Every historic decision of the Truman Cabinet was debated by Congress only after it had been made irreversible

Saturday, July 11th, 2020

T. R. Fehrenbach explains (in This Kind of War), the political situation in America after World War 2:

During the war, some members of the government had made an incalculable mistake: they had propagandized the Russians as heroic brothers-in-arms, indicated to the public that Stalin and associates were democrats at heart, and led the people to believe that Russia had fought the war from motives as pure as America’s own.


The problem was that America had fought the war — as she had most of her wars — as a crusade, while Russia had fought first for survival, then for power. Crusades are usually inconclusive; it was no accident that Russia won the peace.


The great decisions — the Marshall Plan, the Truman Doctrine — that gave the earth a hope of eventual order were not instantly popular with the American people. There was no great attempt to sell them — it was significant that every historic decision of the Truman Cabinet was debated by Congress only after it had been made irreversible.


They began, knowingly and cunningly, to contain the spread of Communism through whatever policy, short of war, might be required. This containment was vital to American interests, but it must always be remembered that the mere mention of such a policy would have sent millions of patriotic, well-meaning American liberals into convulsions. Liberal thought, which had scented Hitler early, seemingly remained tragically blind to Communist tyranny.

Before any attack on the morality of the men who formulated the policy of Communist containment may be made, several things should be recalled: these men had no designs on the world. They had no nationalist or imperialist policies to foist on anyone; they wanted to keep order and, so far as possible, the status quo, in an era when the Soviet Government clearly desired the opposite.


Truman’s own tragedy remained that the people on whom he depended for domestic support would simply not support his foreign policy. For the policy that evolved in the 1940s was new to American thought. It was not underprivileged Democratic, nor was it business Republican. It was orderly, world-seeing, pragmatic, and conservative — but conservative in the British or ancient Roman sense, not in the American sense.


Wherever there is rule by consent of the ruled, the rulers must always be salesmen, however difficult the task.

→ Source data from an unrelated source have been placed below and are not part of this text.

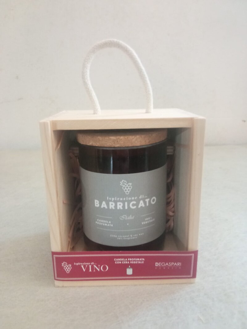 Confezione composta da 1 candela da 230 gr, tappo in sughero e scatola in legno.
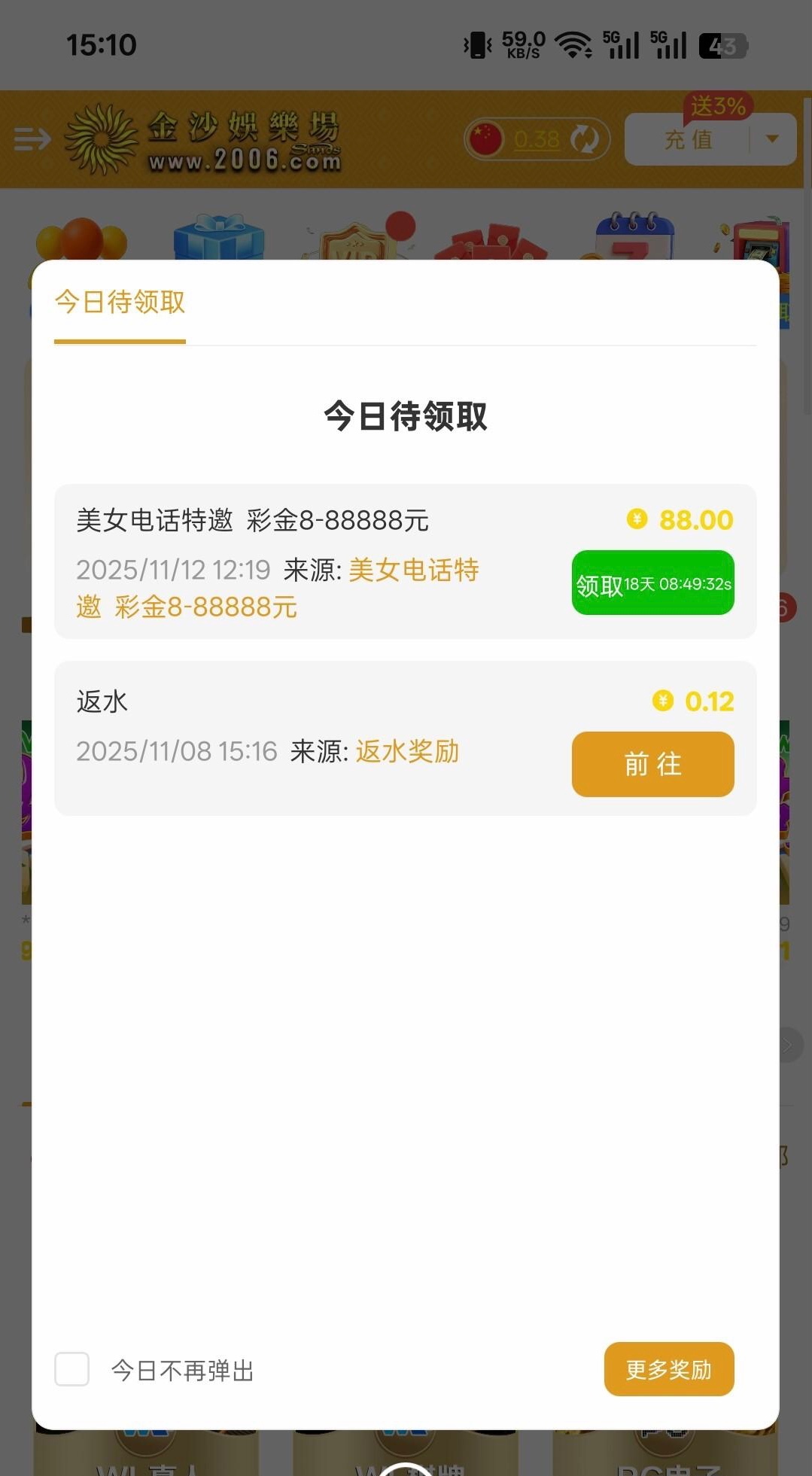 链接2006.vip今天登录上去发现有88电话彩金,老用户去看看
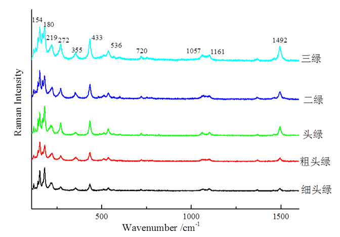 绿色颜料有五种,拉曼光谱如图1-2所示,绿色颜料的峰位均在154,180,219,272,355,433,436,720,1057,1161和1492 cm-1,与石绿(CuCO3·Cu(OH)2)的拉曼峰位一致,说明绿色颜料都是石绿。五种绿色颜料的分类与蓝色相似,同样根据扫面电镜分析,这几种绿色颜料也是依据颗粒度不同对应的色彩进行分类的。拉曼谱分析结果与XRD结果一致。EDS分析说明绿色颜料含有铜、碳、氧三种元素,而含有这三种元素的绿色颜料主要有两种,石绿和氯铜矿,鉴于EDS分析中没有氯元素的存在,确定绿色颜料为石绿。

It would be the first war to bring down a government, to oust a party in power, not because of the actions that party had taken, but because the policy makers were never able adequately to explain those actions to a troubled and increasingly hostile public.


They are hard to justify unless it is admitted that power, not idealism, is the dominant factor in the world, and that idealism must be backed by power.


It was hard for a nation and a people who had never accepted the idea of power, not as something immoral in itself, but as a tool to whatever ends they sought, to fight and die for limited goals. In short, it was hard to grow up.


  1. Harry Jones says:

    Idealism considered inherently infantile. I’ve observed that infantile people love their symbols and slogans. Is that idealism? Or just infantile?

    Certainly there’s a moral narcissism to believing God is on your side… unless you can prove empirically that God is in fact on your side. Winning your wars goes a long way toward that.

    When Americans finally turned against the Soviets, it was in a big way. Betrayal will do that. Cold War America was like a jilted lover.

  2. RLVC says:

    The Cold War was fake, lol.

  3. Dave says:

    The Cold War was real, but probably a mistake, seeing as Ludwig von Mises proved in 1920 that communism could never work. Communist victories across Asia were a bonanza for American workers, giving them forty years’ protection from cheap foreign labor. If Mexico went Communist, Trump’s wall would be unnecessary — Mexico would build its own wall and shoot anyone who tried to escape!

  4. Lucklucky says:

    As if we need more evidence of Media and Education Complex malfeasance who knows that Communists all over world protected Nazi aggression from 1939-1941?

    Communists sabotaged the fight against Hitler until 22 June 1941. They sabotaged factories in England and France. For example, the French Communist Party was forbidden in 1939.

    Communist-linked artists like Pete Seeger released Pacifist music to condemn any help that USA would provide to the British. When Nazis attacked Soviets, he retired the album from the market and asked for the return of any sold copies.

  5. RLVC says:

    “…seeing as Ludwig von Mises proved in 1920 that communism could never work.”